- _ACTIVITY_
Set the records down again exactly, apart from any pictures in them.

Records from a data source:
++++
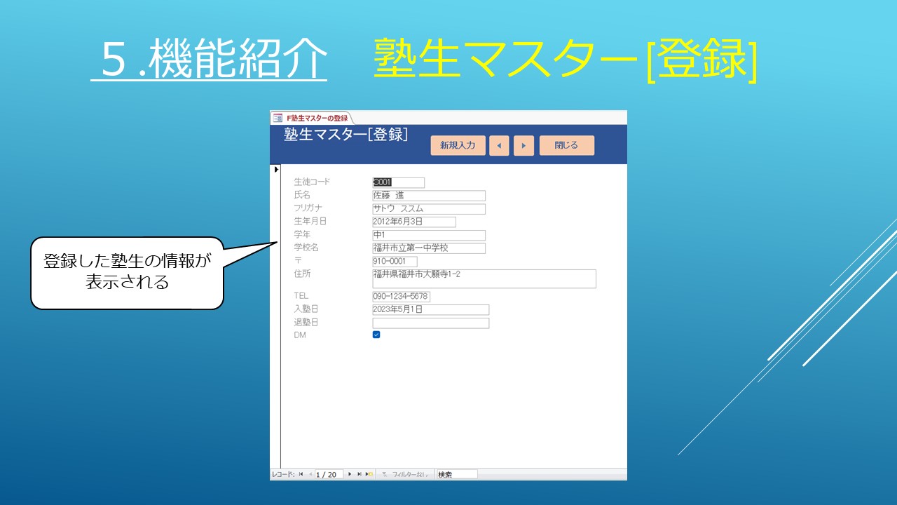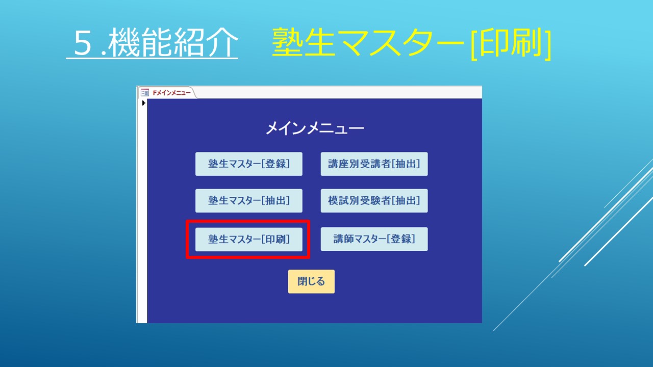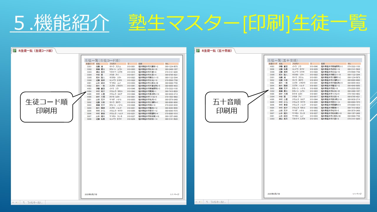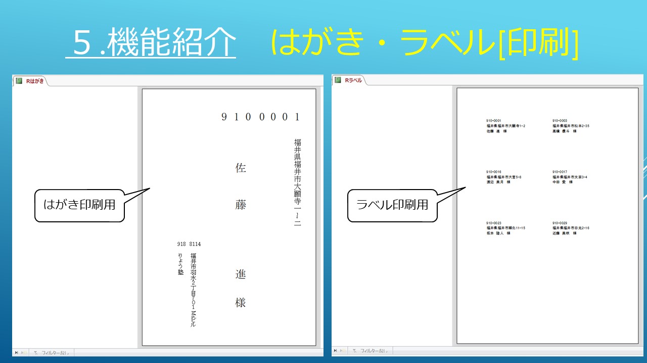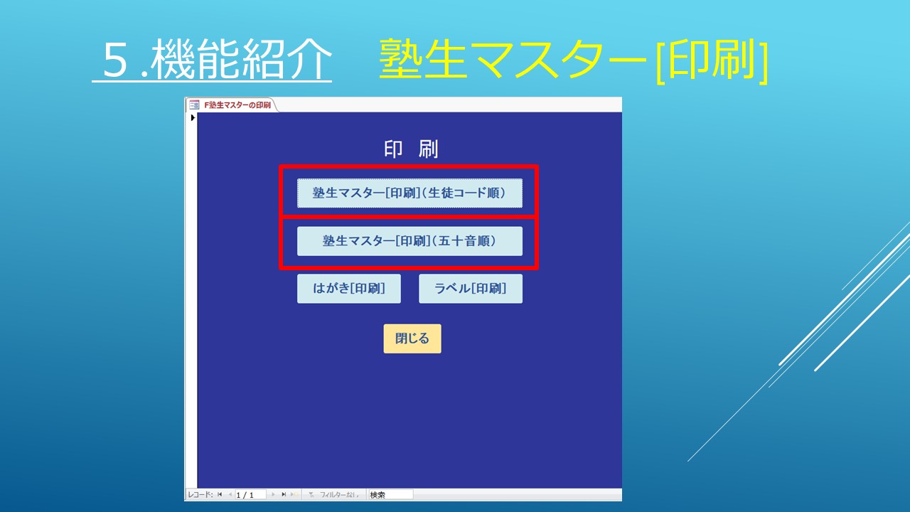 さらに、塾生や講師の登録、塾生一覧を、生徒コード順や五十音順で印刷できるほか、はがき用・ラベル用の印刷にも対応している。
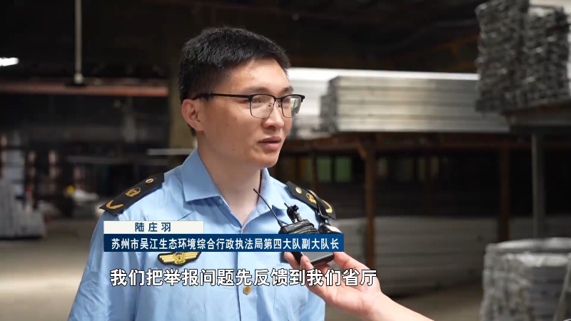 苏州市吴江生态环境综合行政执法局第四大队副大队长 陆庄羽:以往这种案件,需要两省之间相互协调。我们把举报问题先反馈到我们省厅,通过我们江苏省厅再转达给浙江省厅,然后再浙江省厅转给地方环保部门进行处理,整个流程相对烦琐。
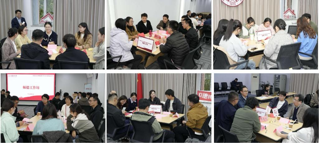 工作坊设置“破冰之旅”“教育家精神专题研讨”“师德警示教育案例剖析”等环节。50余名青年教师分为六组,紧密围绕“心有大我、至诚报国的理想信念”“言为士则、行为世范的道德情操”“启智润心、因材施教的育人智慧”“勤学笃行、求是创新的躬耕态度”“乐教爱生、甘于奉献的仁爱之心”“胸怀天下、以文化人的弘道追求”六个方面,进行座谈研讨和成果汇报。
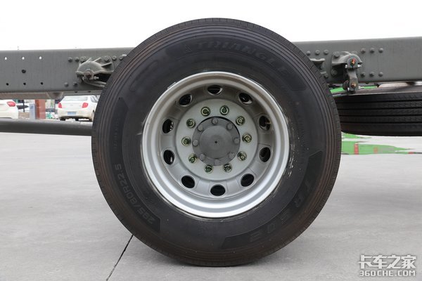 轮胎选用的是295/80R22.5规格的三角牌轮胎,三角轮胎也是目前国产轮胎中保有量比较大的品牌之一。
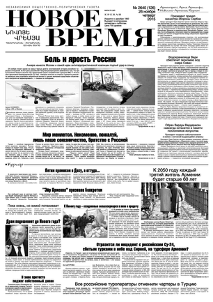 Общественно- политическая газета “Новое Время” была создана в 1992-м году и за 20 лет своего существования сумела заслужить среди армянских читателей право называться лучшей русскоязычной газетой в РА. Помимо сугубо политических тем издание обращается также к вопросам социальным, научным, культурным. Внимание уделяется и проблемам армянской диаспоры…
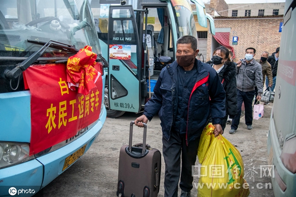 2月27日,陜西省渭南市白水縣人社局為外出務(wù)工人員提供了返崗復(fù)工包車護(hù)送服務(wù),解決了全縣外出務(wù)工人員出行難的問題。(圖片來源:東方IC)
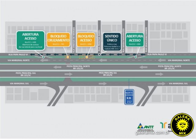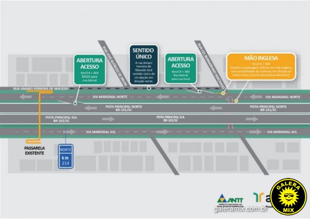 será realizada a abertura de um novo acesso da via marginal para rua Amaro Ferreira de Macedo (logo após o viaduto), viabilizando o acesso de quem transita pela rua lateral da BR-101/SC para o município;
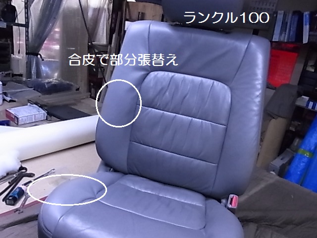 サーフドライバーシート座面本革部破れの為、合皮にて
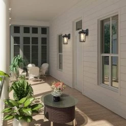 Cumax 1-Light Black Outdoor Wall Lantern Hardwired Sconce With Frosted Glass Shade by Uolfin
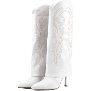 Western Fold-Over & Embroidery: These knee-high boots blend classic Western style with delicate embroidery. The trendy fold-over shaft (stylable as knee-high or mid-calf) adds a chic, vintage touch to any look
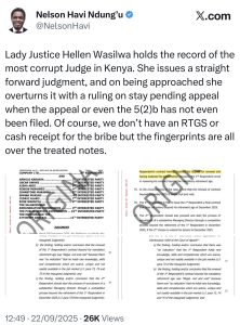 Former Law Society of Kenya President Nelson Havi has joined the charge, branding Wasilwa “the most compromised judge in Kenya’s modern history.” He alleges she has a habit of reversing her own judgments under suspicious circumstances and entertaining last-minute applications that mysteriously benefit powerful litigants. For the first time in years, the two high-profile lawyers have united behind one mission — to end what they call “a reign of impunity” within the Judiciary.
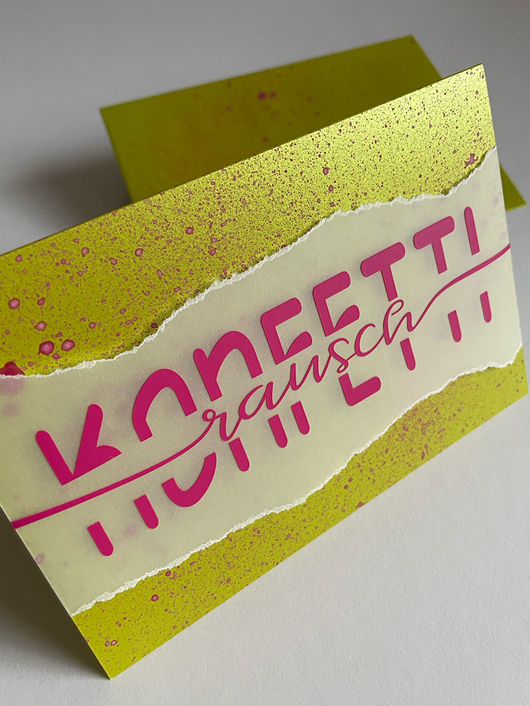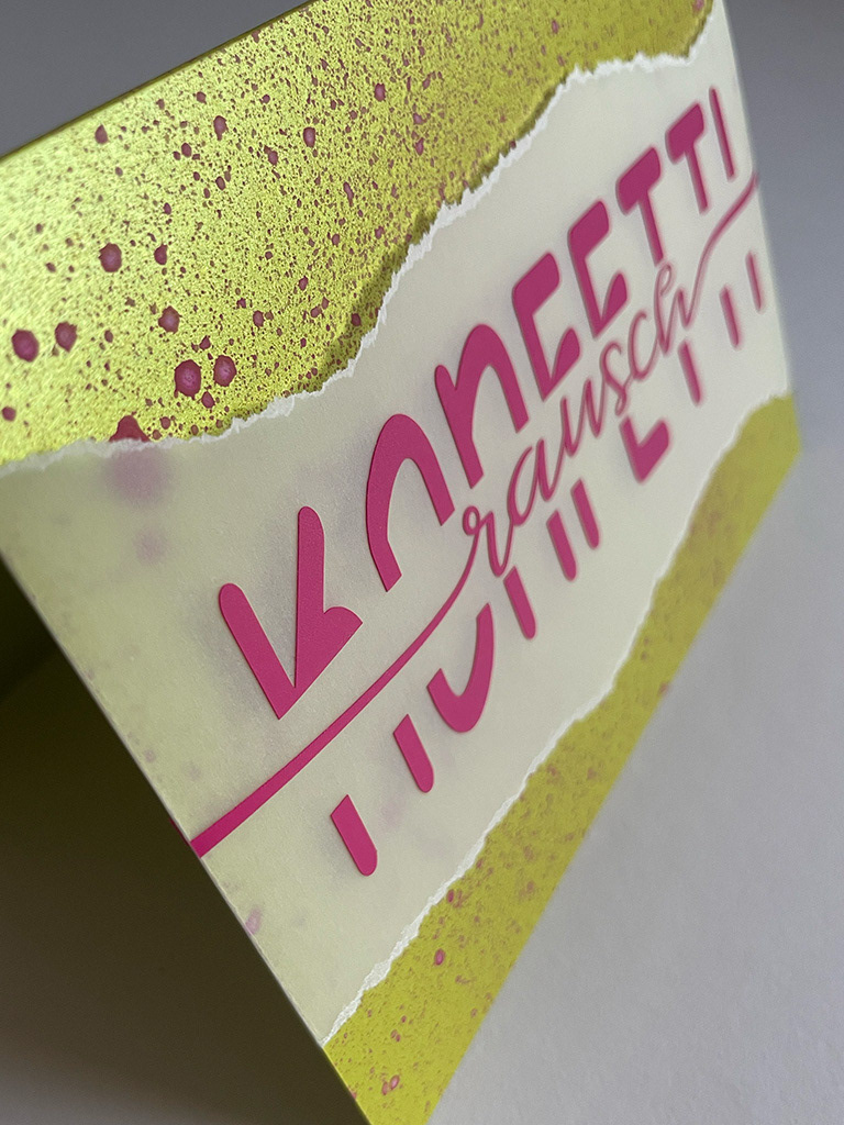 Farbsprenkel Explosion auf seidig schimmerndem Papier mit Schriftzug und gerissenem Transparentpapierstreifen
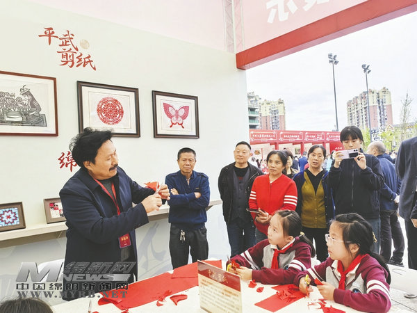 在非遺進(jìn)校園成果展現(xiàn)場,集中展示了近年來綿陽非遺進(jìn)校園取得的成果及活動(dòng)圖像,平武剪紙傳承人謝成飛向到場的市民開展剪紙培訓(xùn)教學(xué)。接下來幾天,鑫田糧藝、三臺(tái)剪紙、羌族草編、綿陽拼布等項(xiàng)目傳承人也將開展現(xiàn)場培訓(xùn)教學(xué)。
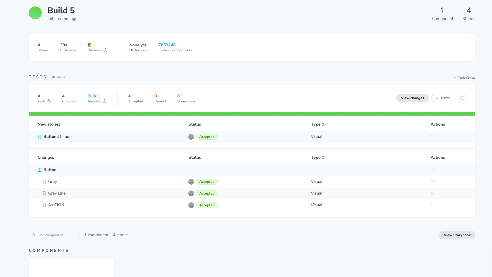 저렇게 하고나면 chromatic 사이트가 열리고 아래와 같은 화면을 볼 수 있다.
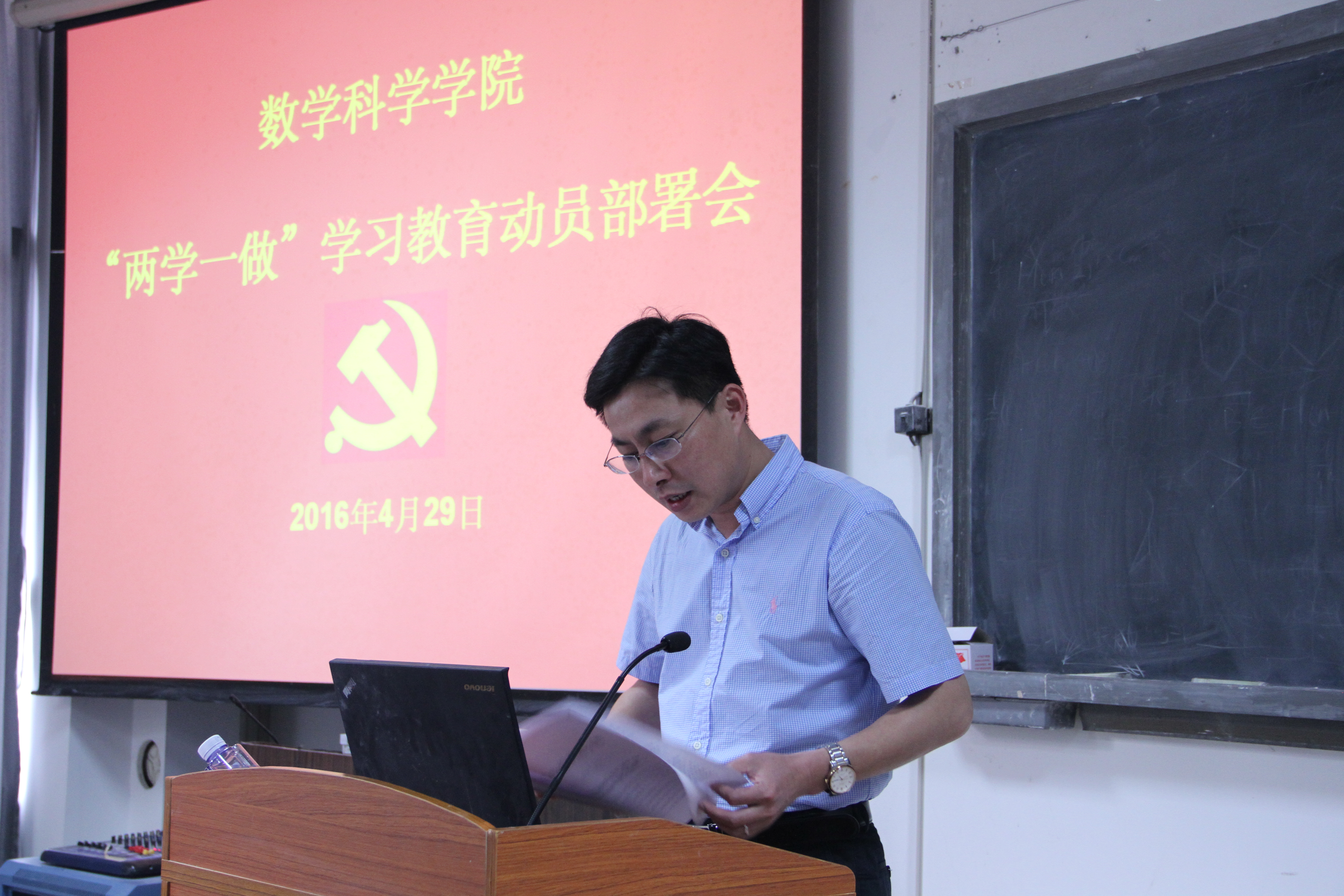 张剑文副书记传达中共中央组织部印发《“两学一做”学习安排的具体方案》文件精神和《厦门大学关于在全校党员中开展“学党章党规、学系列讲话,做合格党员”学习教育实施方案》的重要内容。他强调各支部开展学习教育前要认真领会上述两个文件精神,明确上级组织对“两学一做”学习教育的具体要求,制定好本支部的实施方案,确保“两学一做”学习教育顺利开展,取得实际效果。
++++
- _ANSWER BOX_
 さらに、塾生や講師の登録、塾生一覧を、生徒コード順や五十音順で印刷できるほか、はがき用・ラベル用の印刷にも対応している。
 苏州市吴江生态环境综合行政执法局第四大队副大队长 陆庄羽:以往这种案件,需要两省之间相互协调。我们把举报问题先反馈到我们省厅,通过我们江苏省厅再转达给浙江省厅,然后再浙江省厅转给地方环保部门进行处理,整个流程相对烦琐。
 工作坊设置“破冰之旅”“教育家精神专题研讨”“师德警示教育案例剖析”等环节。50余名青年教师分为六组,紧密围绕“心有大我、至诚报国的理想信念”“言为士则、行为世范的道德情操”“启智润心、因材施教的育人智慧”“勤学笃行、求是创新的躬耕态度”“乐教爱生、甘于奉献的仁爱之心”“胸怀天下、以文化人的弘道追求”六个方面,进行座谈研讨和成果汇报。
 轮胎选用的是295/80R22.5规格的三角牌轮胎,三角轮胎也是目前国产轮胎中保有量比较大的品牌之一。
 Общественно- политическая газета “Новое Время” была создана в 1992-м году и за 20 лет своего существования сумела заслужить среди армянских читателей право называться лучшей русскоязычной газетой в РА. Помимо сугубо политических тем издание обращается также к вопросам социальным, научным, культурным. Внимание уделяется и проблемам армянской диаспоры…
 2月27日,陜西省渭南市白水縣人社局為外出務(wù)工人員提供了返崗復(fù)工包車護(hù)送服務(wù),解決了全縣外出務(wù)工人員出行難的問題。(圖片來源:東方IC)
 será realizada a abertura de um novo acesso da via marginal para rua Amaro Ferreira de Macedo (logo após o viaduto), viabilizando o acesso de quem transita pela rua lateral da BR-101/SC para o município;
 サーフドライバーシート座面本革部破れの為、合皮にて
 Cumax 1-Light Black Outdoor Wall Lantern Hardwired Sconce With Frosted Glass Shade by Uolfin
 Western Fold-Over & Embroidery: These knee-high boots blend classic Western style with delicate embroidery. The trendy fold-over shaft (stylable as knee-high or mid-calf) adds a chic, vintage touch to any look
 Former Law Society of Kenya President Nelson Havi has joined the charge, branding Wasilwa “the most compromised judge in Kenya’s modern history.” He alleges she has a habit of reversing her own judgments under suspicious circumstances and entertaining last-minute applications that mysteriously benefit powerful litigants. For the first time in years, the two high-profile lawyers have united behind one mission — to end what they call “a reign of impunity” within the Judiciary.
 Farbsprenkel Explosion auf seidig schimmerndem Papier mit Schriftzug und gerissenem Transparentpapierstreifen
 在非遺進(jìn)校園成果展現(xiàn)場,集中展示了近年來綿陽非遺進(jìn)校園取得的成果及活動(dòng)圖像,平武剪紙傳承人謝成飛向到場的市民開展剪紙培訓(xùn)教學(xué)。接下來幾天,鑫田糧藝、三臺(tái)剪紙、羌族草編、綿陽拼布等項(xiàng)目傳承人也將開展現(xiàn)場培訓(xùn)教學(xué)。
 저렇게 하고나면 chromatic 사이트가 열리고 아래와 같은 화면을 볼 수 있다.
 张剑文副书记传达中共中央组织部印发《“两学一做”学习安排的具体方案》文件精神和《厦门大学关于在全校党员中开展“学党章党规、学系列讲话,做合格党员”学习教育实施方案》的重要内容。他强调各支部开展学习教育前要认真领会上述两个文件精神,明确上级组织对“两学一做”学习教育的具体要求,制定好本支部的实施方案,确保“两学一做”学习教育顺利开展,取得实际效果。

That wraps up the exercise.